The trend trading strategy is part of the technical analysis methods of the forex markets. According to this strategy, the trader is trading with the trend based on the currency chart; This is done by buying when the trend is up or entering a short position when the trend is down. The upward trend is determined when each price bottom formed is higher than the one that precedes it; The same applies to price tops, where each top is higher than the previous one, while the downtrend is the opposite.
According to technical analysis, a price range is formed when prices in the forex market move sideways without forming a clear direction. The trader relies heavily on support and resistance levels, oscillators, and technical indicators such as the RSI for range trading in the currency market. Usually, this strategy buys when the price falls to the support level, which is the lower limit of the range, and sells when it rises to the upper limit, which forms the resistance level; A short trade is also entered when the price reaches the resistance level which is the upper end of the range to close the trade when the price of the currency falls back to the lower limit.
The momentum forex strategy is based on trading a currency pair that moves in a strong trend for a period, usually between 6 and 12 months.
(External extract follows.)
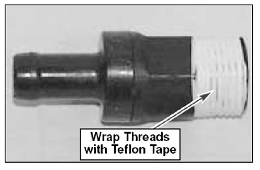 Some Rios may exhibit oil seepage from the threads of the PCV valve. KMA recommends using Teflon tape on PCV valve threads when servicing. Also make sure valve is threaded snugly into cover while being careful not to overtorque.

This strategy, which is also used in other markets, is based on the assumption that currencies that perform well will continue to rise for a longer period. With this strategy, the trader enters long positions on the currency pairs moving in a strong uptrend or short positions on the currency pairs that are moving in a strong downtrend.
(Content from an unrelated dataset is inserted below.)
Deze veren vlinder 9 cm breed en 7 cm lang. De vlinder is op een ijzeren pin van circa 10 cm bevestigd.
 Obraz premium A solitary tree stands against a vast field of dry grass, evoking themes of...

The price breakout strategy in the forex market is based on trading when the price of a currency breaks through an important key level with large trading volumes because the price will continue in its formed direction for a period. For example, a trader would enter a long position when the price crosses an important resistance level for a particular currency pair. A trader can also enter a short position when the price breaks through a major support level.
A correction trading strategy is based on waiting for a correction in the price of a currency pair to occur before entering any trade. And the rolling Who wants to enter a long position on a particular currency pair, waiting for a short-term pullback (corrective movement) before opening the position to reduce the risk. When selling short, the same can be done where the trader waits for an upward corrective movement before opening any position. Fibonacci retracements are the most popular tool among forex market traders to trade using price retracements.
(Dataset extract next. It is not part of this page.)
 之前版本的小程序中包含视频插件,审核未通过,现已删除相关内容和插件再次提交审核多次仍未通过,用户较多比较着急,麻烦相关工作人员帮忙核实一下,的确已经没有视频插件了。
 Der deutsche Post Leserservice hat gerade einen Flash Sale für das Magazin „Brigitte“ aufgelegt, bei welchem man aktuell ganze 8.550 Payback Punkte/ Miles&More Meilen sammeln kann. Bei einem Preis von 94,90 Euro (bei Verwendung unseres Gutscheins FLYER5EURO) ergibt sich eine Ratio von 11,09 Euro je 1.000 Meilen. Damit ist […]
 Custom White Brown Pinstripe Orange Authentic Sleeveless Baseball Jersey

The price reversal strategy aims to take advantage of the reversal of the price trend of currency pairs. When the price is in a downward movement, a trader who expects prices to rebound upwards opens a buy position with the understanding that the current trend will reverse and the currency will start to rise; On the other hand, the trader who expects the price to decline after it has been moving in an upward direction, enters into a short-selling position. Traders usually rely on technical indicators to look for signals of a price reversal in the market, such as the stochastic oscillator and the RSI, to predict changing trends in the market by monitoring overbought and oversold levels.
Disclaimer:
The views in this article only represent the author's personal views, and do not constitute investment advice on this platform. This platform does not guarantee the accuracy, completeness and timeliness of the information in the article, and will not be liable for any loss caused by the use of or reliance on the information in the article.